This fledgling franchise has rewired itself from horror to action-comedy. Bigger and goofier than the 2022 hit, “M3GAN 2.0” is content to be this summer’s fidget spinner: an amusement soon forgotten. You can easily accuse returning director Gerard Johnstone (who’s taken over screenwriting duties too) of assembling it from other movies’ nuts and bolts. He’s not hiding his influences, including “The Terminator,” “Metropolis” and the head-spinning theatrics of “The Exorcist.” It’s a magpie movie that’s happy to give audiences the tinselly things they want — i.e., two robots clobbering the Wi-Fi out of each other. But Johnstone creates openings for his own shaggy sense of humor. I’m excited to keep tabs on the promising New Zealander.
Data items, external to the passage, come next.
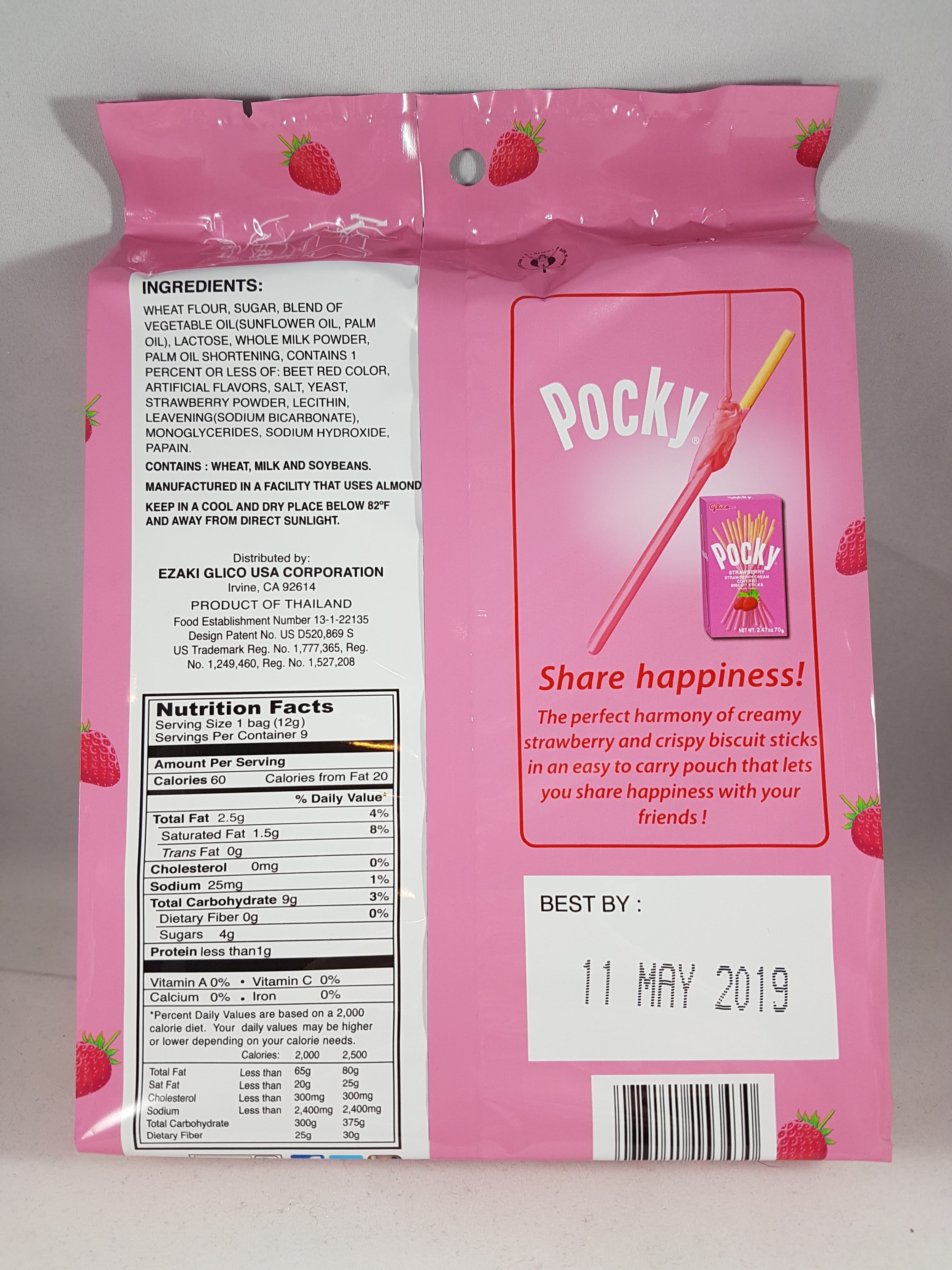 Strawberry Pocky Family Pack 3.95 oz (9 Pack) comes in a great Family sized value pack. There are 9 containers in each pack, and each one holds 7 sticks, enough to share with the whole family, and maybe even the neighbors. Strawberry Pocky makes for great desserts, or every day snacks. They're easy to travel snacks and taste great at any time.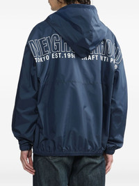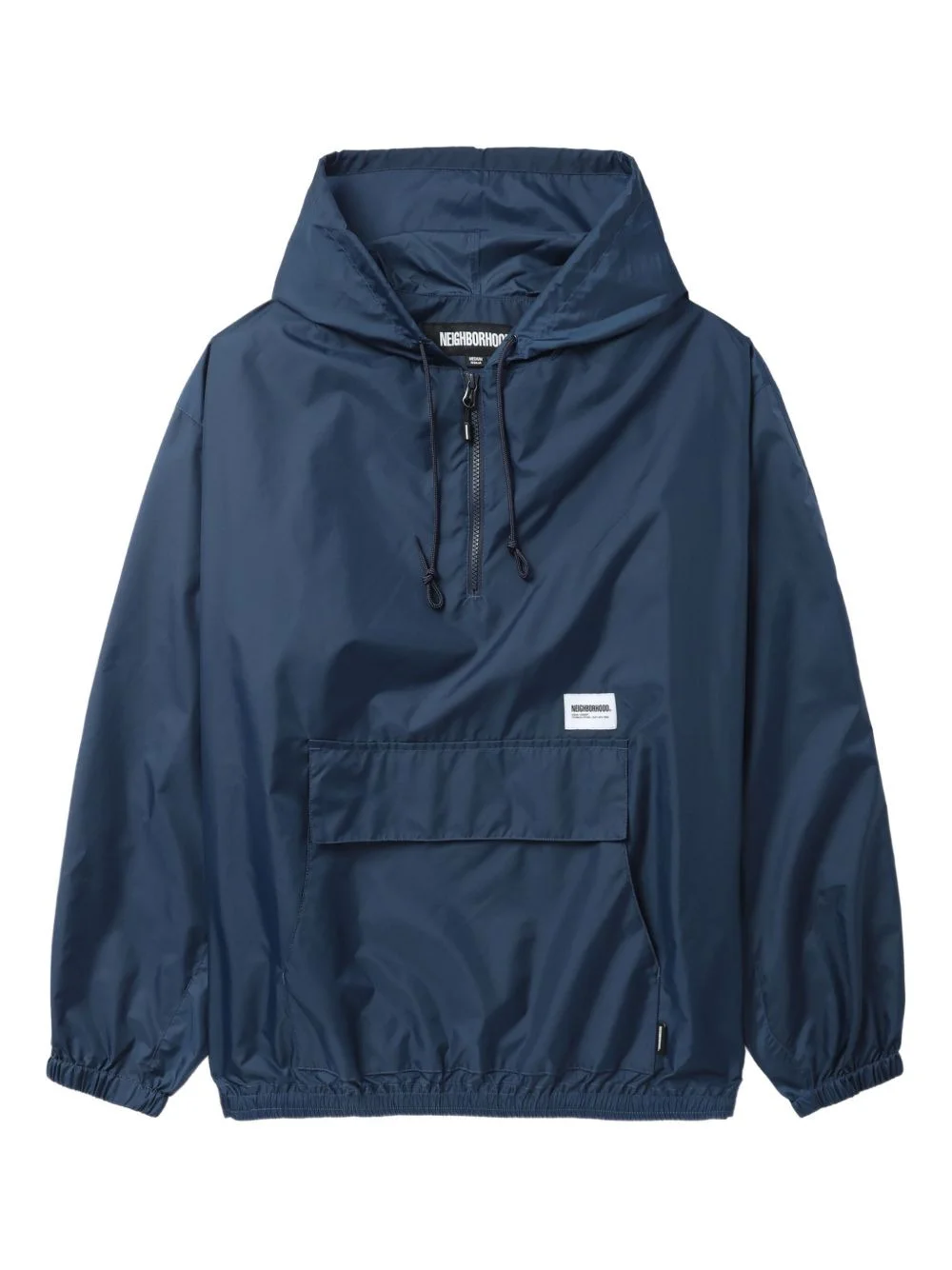 half-zip hooded jacket Highlights - Navy blue - Kangaroo pocket - Half-zip fastening - Drawstring hood - Long sleeves - Back logo-lettering Imported Composition Nylon 100% Washing instructions Read Manufacturer Guidelines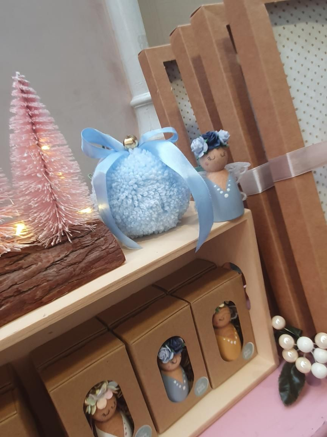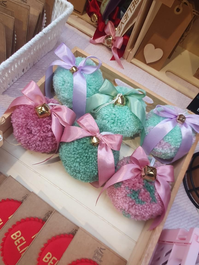 A large handmade pom pom bauble complete with a satin bow and bell.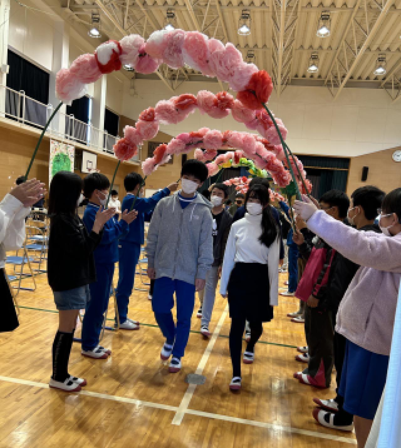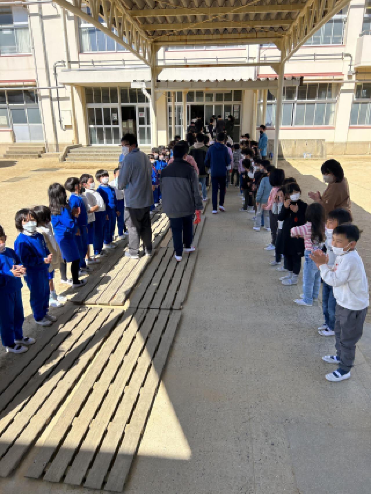 花道を作って退場...!? なんと、外には1年生が待っていてくれました。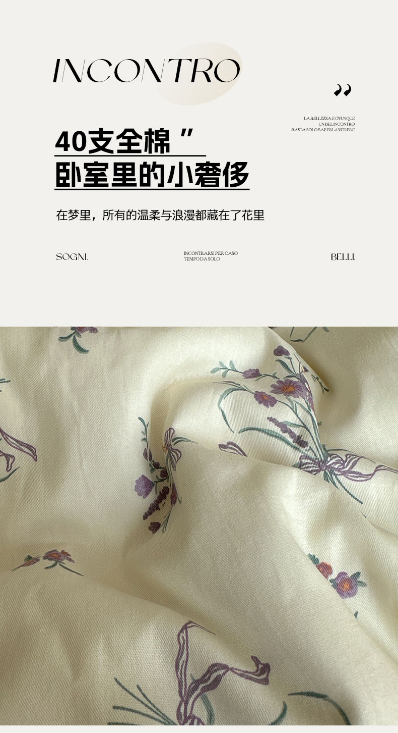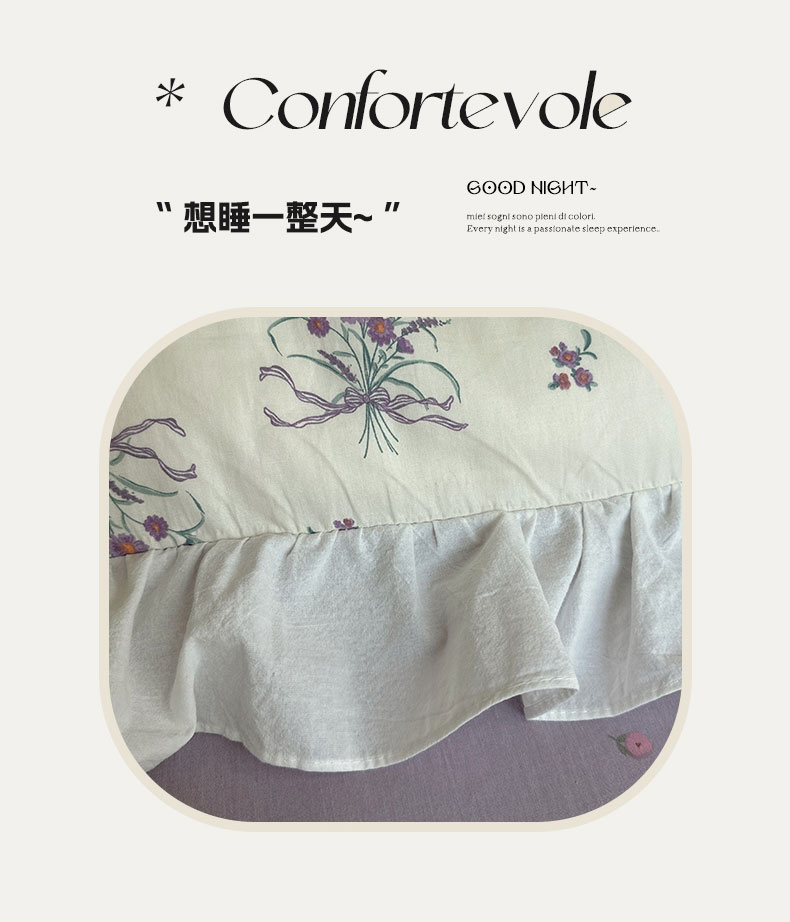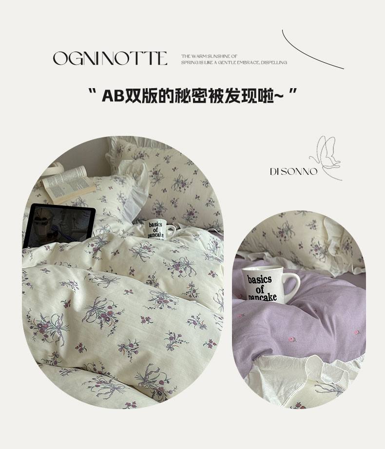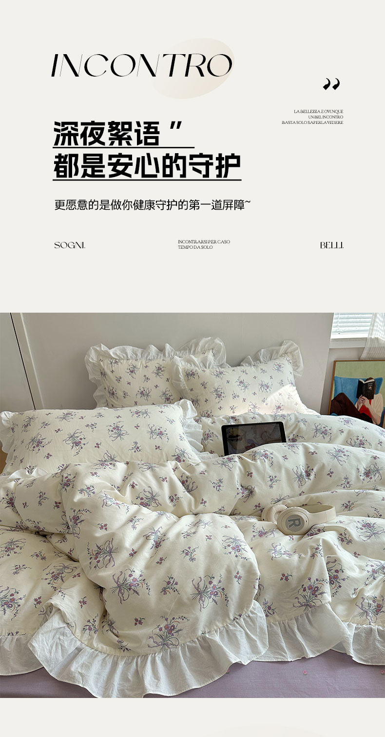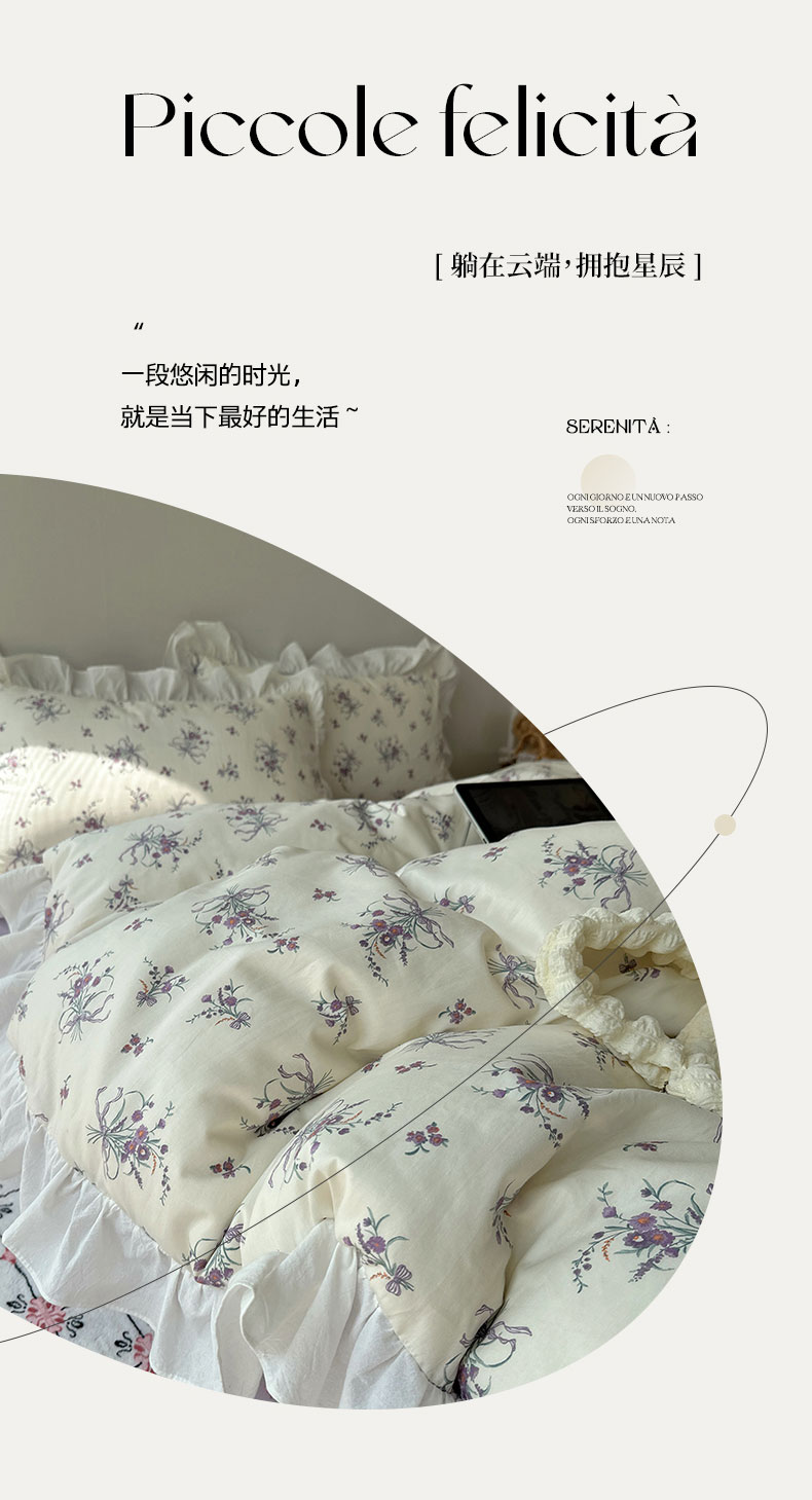 商品名称:六巷胡同 2025新款40支全棉韩式INS博主风小碎花花边四件套-风格二 堇色

The snippy robot begins the film with her body destroyed but her ego as big as ever. M3GAN, voiced by Jenna Davis and embodied by both an animatronic puppet and the young dancer Amie Donald, will be reconstructed and built back better — and taller, as the physically gifted Donald has herself aged from 12 to 15. As an interim step, M3GAN gets temporarily placed in a tiny teal bot with flipper hands named Moxie, who seems adorable unless you know that Moxie was a real AI emotional support doll launched in 2020 that was abruptly bricked last year, teaching kids a sad lesson in startup funding and, in essence, death. (You can find videos online of people saying goodbye to their comatose friend.)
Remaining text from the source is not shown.